他现在面色苍白惊魂未定,刚刚在早朝上发生的一幕想起来就有些后怕,看了看自己被撕坏的袍袖,他无助地瞅着孙太后,看着她依旧淡定的神色才觉得稍稍有些安心。

刚刚早朝时,战报传来,所有的人都惊了,他们立即联想到的便是当年北宋王朝的“靖康”之辱,群臣在朝堂上不约而同地做出的第一个举动就是号啕大哭,金殿上立即乱作一团。
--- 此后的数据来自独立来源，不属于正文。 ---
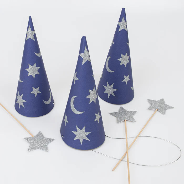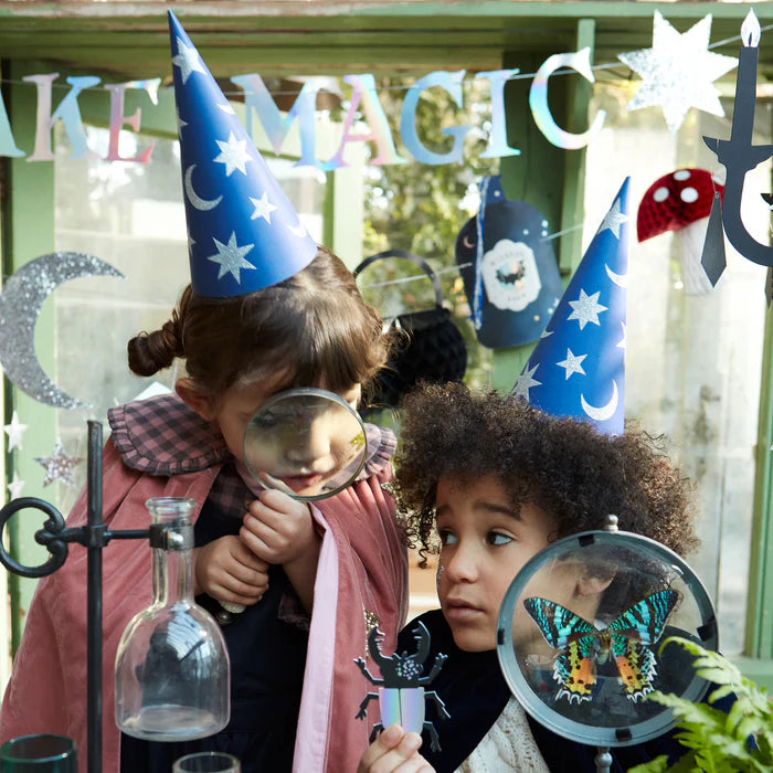 ¡Alakazam! Luce como un mago maravilloso en segundos con estos juegos de varitas y sombreros de fiesta brillantes. Lucen fantásticos en niños y adultos, perfectos para agregar a tus suministros de fiesta de Halloween o para una fiesta de magia.

更有义愤难平的武将上前揪出王振一党的太监马顺、锦衣卫指挥使王山等人,众人纷纷上前唾口大骂,武将们更是对其一阵痛打,直至几人当场被活活打死。

朝堂之上一片吵吵嚷嚷,大臣们再也没有了往日的风范,也忘记了身为臣子应守的礼仪和秩序。

金殿成了斗殴场,年轻的王吓得脸色大变,虽有监国之名却毫无威信,他出言相劝,却无人听从。

他想宣布退朝回宫却欲罢不能,无奈之下也不顾礼仪夺门而逃,却被蜂拥相阻的大臣们拦截,以至于袍袖都被扯坏了。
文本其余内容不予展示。